→ **TASK INSTRUCTIONS**
The following data needs to be repeated exactly, with all images excluded.

→ **DATA FOR REVIEW**
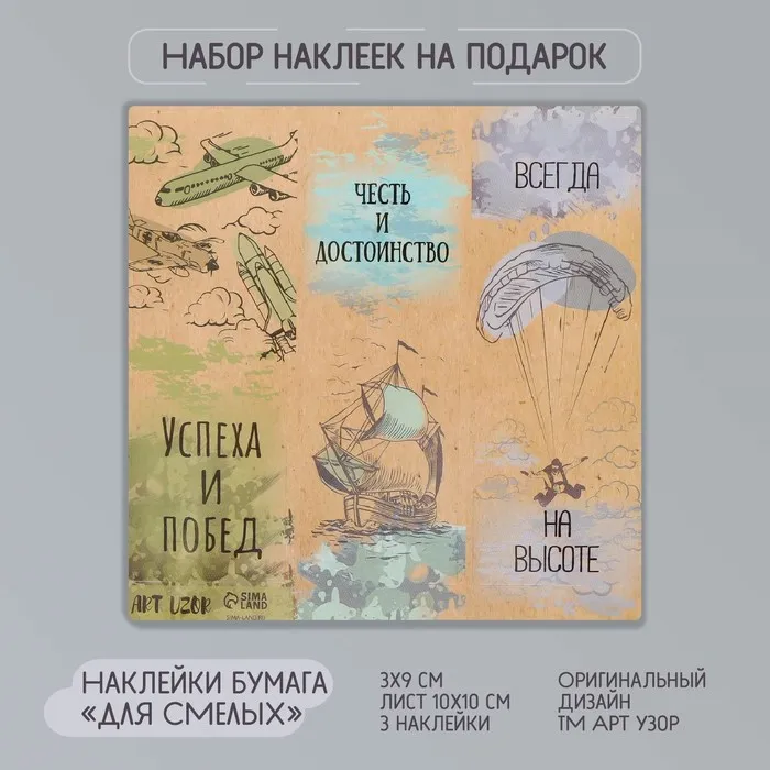Бумажная наклейка для декора «Для смелых», для творчества, открыток, 3×9 см, лист 10×10 см — Характеристики
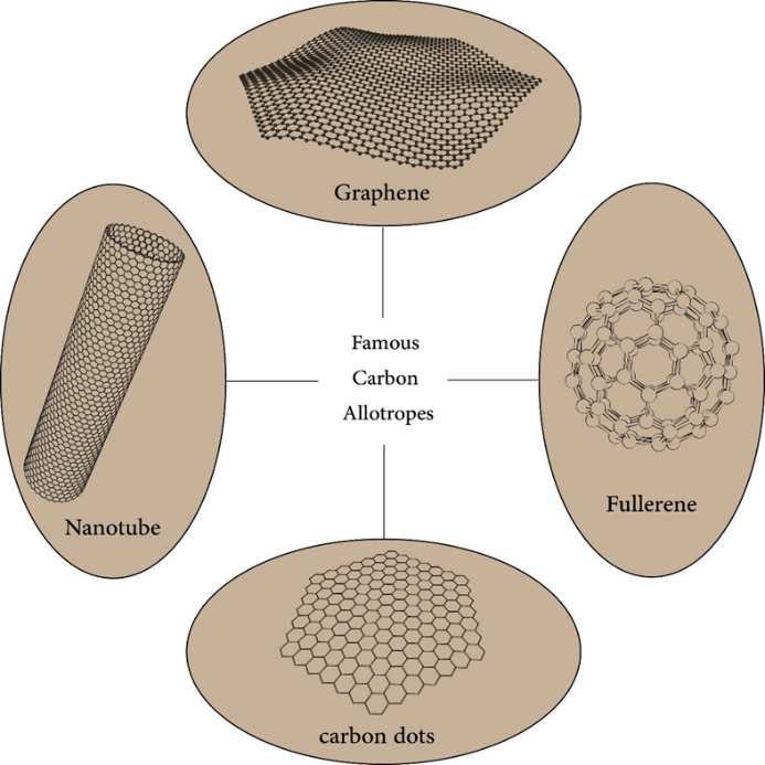 Carbon is found abundantly on earth and therefore it is used in many different fields of science and technology [23-25]. Elemental carbon exists in the form of different allotropes based on the hybridization of its atoms, and several different forms of this material are known at the nano scale, such as carbon dots, graphene quantum dots, fullerene, carbon nanotubes, and graphene (Figure 3) [26,27].
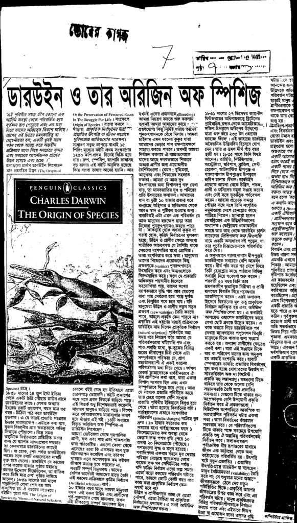 ডারউইন ও তার অরিজিন অফস্পিশিজ Published on Newspaper দৈনিক ভোরের কাগজ Category Professional Education Professional Education Engineering Download
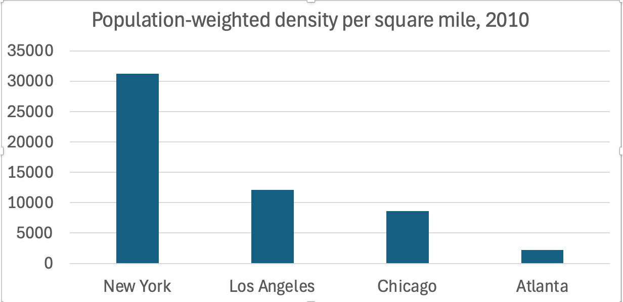 My preferred measure is “population-weighted density,” which asks how densely populated a neighborhood — strictly speaking a Census tract — the average person lives in. The Census calculated this measure after the 2010 Census, but unfortunately doesn’t seem to have continued the practice or even maintained the data on its website. But I was able to retrieve it using the Wayback Machine. And the 2010 data showed New York in a class of its own, even among our biggest cities, while Atlanta was the Sultan of Sprawl:
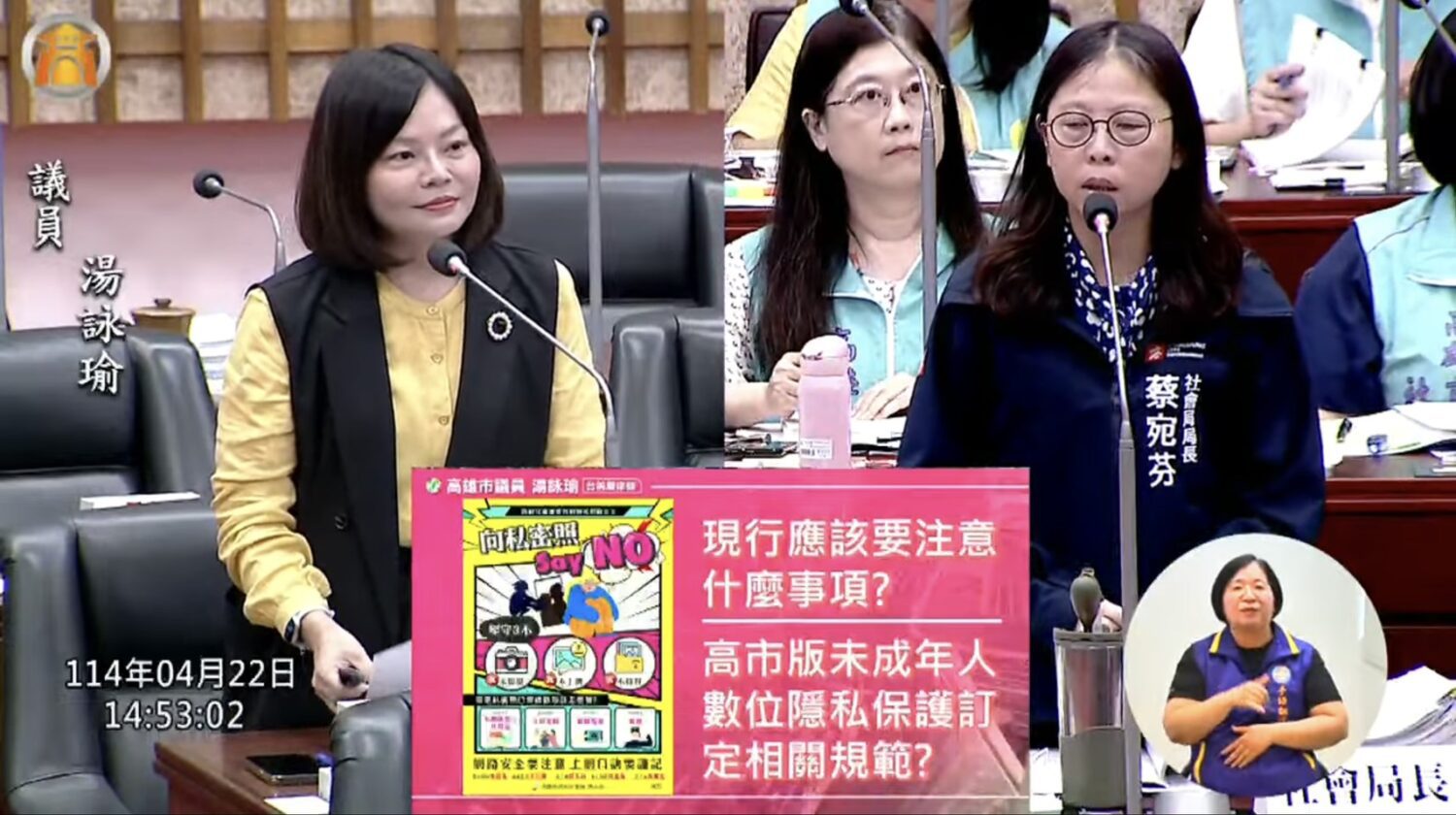 【今傳媒/記者李祖東報導】高雄市議員湯詠瑜今(22)日社政部門質詢,室內外工程安全問題,希望市府更積極嚴格要求,針對兒童網路隱私權,建議以數位隱私指引保護;也應重視中高齡及高齡者尋找就業過程中遇到的瓶頸,避免遇到不公平之對待;並關注老人政策建議應盤點現行落差再升級。
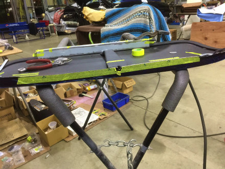 センター の フック を フェンダー アーチ に 引っ掛けて

→ **TASK ANSWER**
Бумажная наклейка для декора «Для смелых», для творчества, открыток, 3×9 см, лист 10×10 см — Характеристики
 Carbon is found abundantly on earth and therefore it is used in many different fields of science and technology [23-25]. Elemental carbon exists in the form of different allotropes based on the hybridization of its atoms, and several different forms of this material are known at the nano scale, such as carbon dots, graphene quantum dots, fullerene, carbon nanotubes, and graphene (Figure 3) [26,27].
 ডারউইন ও তার অরিজিন অফস্পিশিজ Published on Newspaper দৈনিক ভোরের কাগজ Category Professional Education Professional Education Engineering Download
 My preferred measure is “population-weighted density,” which asks how densely populated a neighborhood — strictly speaking a Census tract — the average person lives in. The Census calculated this measure after the 2010 Census, but unfortunately doesn’t seem to have continued the practice or even maintained the data on its website. But I was able to retrieve it using the Wayback Machine. And the 2010 data showed New York in a class of its own, even among our biggest cities, while Atlanta was the Sultan of Sprawl:
 【今傳媒/記者李祖東報導】高雄市議員湯詠瑜今(22)日社政部門質詢,室內外工程安全問題,希望市府更積極嚴格要求,針對兒童網路隱私權,建議以數位隱私指引保護;也應重視中高齡及高齡者尋找就業過程中遇到的瓶頸,避免遇到不公平之對待;並關注老人政策建議應盤點現行落差再升級。
 センター の フック を フェンダー アーチ に 引っ掛けて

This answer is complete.